Type of dumplings in Balto-Slavic cuisines

Kalduny or kolduny (калдуны́, kołduny, koldūnai) are dumplings stuffed with meat, mushrooms or other ingredients, made in Belarusian, Lithuanian, and Polish cuisines, akin to the Polish pierogi, Russian pelmeni and the Ukrainian varenyky.

In Slavic languages the word means “magicians” or “sorcerers”, but it is unclear how the word became associated with the dish.

==Description==
Kalduny, dumplings of unleavened dough filled with meat, mushrooms, or other stuffings, are related to similar dishes in the West and in the East alike, from Italian ravioli, Hungarian derelye, and Ashkenazi Jewish pirogen to Russian pelmeni and Central Asian manti or chuchvara. Kalduny made with a stuffing of smoked ham and mushrooms (Kalduny Count Tyshkevich, named after a Belarusian noble family from Lahojsk near Minsk) were long considered Belarus's “visiting card”, although decades of Soviet rule almost erased their trace from public memory and now they are only served in a few local restaurants. Currently the Russian pelmeni and the Ukrainian vareniki are served in more restaurants.

The simplest dough for kalduny is made of flour mixed with tepid water, eggs, and some salt. In some recipes the dough for kalduny is mixed with onion juice, not water. Kalduny dough should be soft but elastic, easy to stretch and to seal into a pocket around a dollop of filling. Like other pastry doughs, it has to be allowed to rest, covered with a dish towel or a cloth so as not to dry out. Kalduny are usually boiled in a big shallow casserole at low heat, in well-salted water. Instead of boiling in water, kalduny may be boiled directly in a soup, in which they are then served. Some varieties are baked or fried. Polesie-style kalduny, with a stuffing of boiled river fish and hard-boiled eggs, are fried. A variety known in Russian cuisine as kundyumy (кундюмы) is never boiled: the mushroom-filled dumplings are baked in a crock pot in the oven or fried.

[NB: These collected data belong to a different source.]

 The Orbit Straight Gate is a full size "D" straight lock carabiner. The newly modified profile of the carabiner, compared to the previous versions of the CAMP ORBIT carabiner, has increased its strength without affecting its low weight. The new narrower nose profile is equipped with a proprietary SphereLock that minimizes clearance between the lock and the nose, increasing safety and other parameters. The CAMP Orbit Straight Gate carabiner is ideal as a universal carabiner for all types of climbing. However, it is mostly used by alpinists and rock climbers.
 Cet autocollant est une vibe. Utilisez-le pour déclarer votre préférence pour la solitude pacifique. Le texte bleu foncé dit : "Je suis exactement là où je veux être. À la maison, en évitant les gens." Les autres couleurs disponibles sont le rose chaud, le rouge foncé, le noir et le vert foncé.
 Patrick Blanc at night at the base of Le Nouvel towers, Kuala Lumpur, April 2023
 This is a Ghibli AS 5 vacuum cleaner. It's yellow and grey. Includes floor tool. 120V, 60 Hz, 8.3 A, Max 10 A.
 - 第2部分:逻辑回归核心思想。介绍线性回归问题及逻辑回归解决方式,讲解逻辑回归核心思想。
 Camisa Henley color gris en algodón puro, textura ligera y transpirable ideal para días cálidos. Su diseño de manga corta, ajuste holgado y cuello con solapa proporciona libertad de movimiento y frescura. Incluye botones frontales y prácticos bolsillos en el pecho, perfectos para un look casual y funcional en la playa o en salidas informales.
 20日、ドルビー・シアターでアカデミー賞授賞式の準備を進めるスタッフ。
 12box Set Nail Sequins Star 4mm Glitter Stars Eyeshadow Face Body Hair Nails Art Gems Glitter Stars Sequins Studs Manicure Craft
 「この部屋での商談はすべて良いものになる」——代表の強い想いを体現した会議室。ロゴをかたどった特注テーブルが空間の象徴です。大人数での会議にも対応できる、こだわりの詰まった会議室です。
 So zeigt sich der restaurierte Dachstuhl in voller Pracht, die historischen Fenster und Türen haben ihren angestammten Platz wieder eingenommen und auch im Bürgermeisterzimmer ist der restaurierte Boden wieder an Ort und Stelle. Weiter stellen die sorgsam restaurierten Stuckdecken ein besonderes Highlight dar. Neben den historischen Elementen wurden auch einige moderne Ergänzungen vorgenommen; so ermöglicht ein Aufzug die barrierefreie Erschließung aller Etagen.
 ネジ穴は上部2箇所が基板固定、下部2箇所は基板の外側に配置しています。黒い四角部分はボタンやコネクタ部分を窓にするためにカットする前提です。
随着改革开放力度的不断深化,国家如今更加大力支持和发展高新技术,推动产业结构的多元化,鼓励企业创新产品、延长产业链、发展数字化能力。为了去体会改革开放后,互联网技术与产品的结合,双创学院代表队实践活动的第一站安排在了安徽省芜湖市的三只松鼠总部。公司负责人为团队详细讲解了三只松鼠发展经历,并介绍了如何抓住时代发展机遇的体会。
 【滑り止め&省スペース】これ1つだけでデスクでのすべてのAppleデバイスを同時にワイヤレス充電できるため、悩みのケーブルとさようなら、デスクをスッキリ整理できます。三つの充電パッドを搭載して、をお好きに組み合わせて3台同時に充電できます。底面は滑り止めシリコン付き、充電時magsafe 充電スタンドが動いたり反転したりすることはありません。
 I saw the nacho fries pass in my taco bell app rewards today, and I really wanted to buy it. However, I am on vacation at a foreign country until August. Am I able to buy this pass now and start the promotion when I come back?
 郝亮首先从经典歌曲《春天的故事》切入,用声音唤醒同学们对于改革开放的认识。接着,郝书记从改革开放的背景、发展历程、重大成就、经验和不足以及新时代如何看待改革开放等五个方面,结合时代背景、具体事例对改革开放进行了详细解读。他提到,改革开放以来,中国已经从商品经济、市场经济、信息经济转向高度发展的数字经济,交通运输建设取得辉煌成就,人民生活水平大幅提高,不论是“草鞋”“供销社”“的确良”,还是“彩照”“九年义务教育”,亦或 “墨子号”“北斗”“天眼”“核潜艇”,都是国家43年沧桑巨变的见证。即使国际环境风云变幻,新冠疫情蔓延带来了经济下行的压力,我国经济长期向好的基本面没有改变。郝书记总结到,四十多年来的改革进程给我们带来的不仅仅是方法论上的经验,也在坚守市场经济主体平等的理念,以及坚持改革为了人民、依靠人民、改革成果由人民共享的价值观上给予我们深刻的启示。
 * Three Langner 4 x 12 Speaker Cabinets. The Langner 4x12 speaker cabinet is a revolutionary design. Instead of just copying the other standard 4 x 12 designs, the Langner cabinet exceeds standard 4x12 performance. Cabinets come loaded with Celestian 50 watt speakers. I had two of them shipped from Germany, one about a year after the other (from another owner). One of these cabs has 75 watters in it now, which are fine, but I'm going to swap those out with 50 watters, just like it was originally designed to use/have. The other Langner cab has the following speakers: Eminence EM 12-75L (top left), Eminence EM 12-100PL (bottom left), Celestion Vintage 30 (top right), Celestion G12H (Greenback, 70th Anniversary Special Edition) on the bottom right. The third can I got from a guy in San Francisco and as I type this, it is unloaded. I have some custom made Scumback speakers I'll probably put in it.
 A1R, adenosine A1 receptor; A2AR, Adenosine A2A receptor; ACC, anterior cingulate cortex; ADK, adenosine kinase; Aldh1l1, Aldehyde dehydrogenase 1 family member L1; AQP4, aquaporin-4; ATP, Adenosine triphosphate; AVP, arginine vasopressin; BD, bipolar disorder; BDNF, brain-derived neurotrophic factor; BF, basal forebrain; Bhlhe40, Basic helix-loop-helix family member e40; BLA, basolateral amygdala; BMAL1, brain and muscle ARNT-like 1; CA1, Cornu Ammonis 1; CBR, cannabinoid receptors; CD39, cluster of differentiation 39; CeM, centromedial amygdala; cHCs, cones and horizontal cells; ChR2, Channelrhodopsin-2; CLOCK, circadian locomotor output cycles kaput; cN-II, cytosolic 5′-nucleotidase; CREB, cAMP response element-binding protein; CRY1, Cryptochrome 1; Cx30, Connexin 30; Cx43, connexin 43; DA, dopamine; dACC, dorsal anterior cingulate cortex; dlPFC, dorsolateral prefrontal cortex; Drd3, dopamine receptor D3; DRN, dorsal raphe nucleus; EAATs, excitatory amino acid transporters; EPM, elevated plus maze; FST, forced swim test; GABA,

Kalduny may be served as a main course or a dessert, depending on the stuffing. For the former, meat, mushrooms, farmer cheese, or fish are used; for the latter, fresh berries or sometimes dried fruits may be used. The sauce or topping for kalduny also depends on the stuffing. Kalduny with Vilnius stuffing (mushrooms and smoked pork, as in Kalduny Count Tyshkevich) are topped with melted butter, while those filled with Russian stuffing (farmer cheese or mashed potatoes) are usually paired with thick sour cream. Dessert kalduny are powdered with cinnamon or topped with fruit syrups. Kalduny are often served in a soup (beef broth or borsht), similarly to Jewish kreplach. The numerous combinations of dough, stuffing, and sauce provide a great potential for variation.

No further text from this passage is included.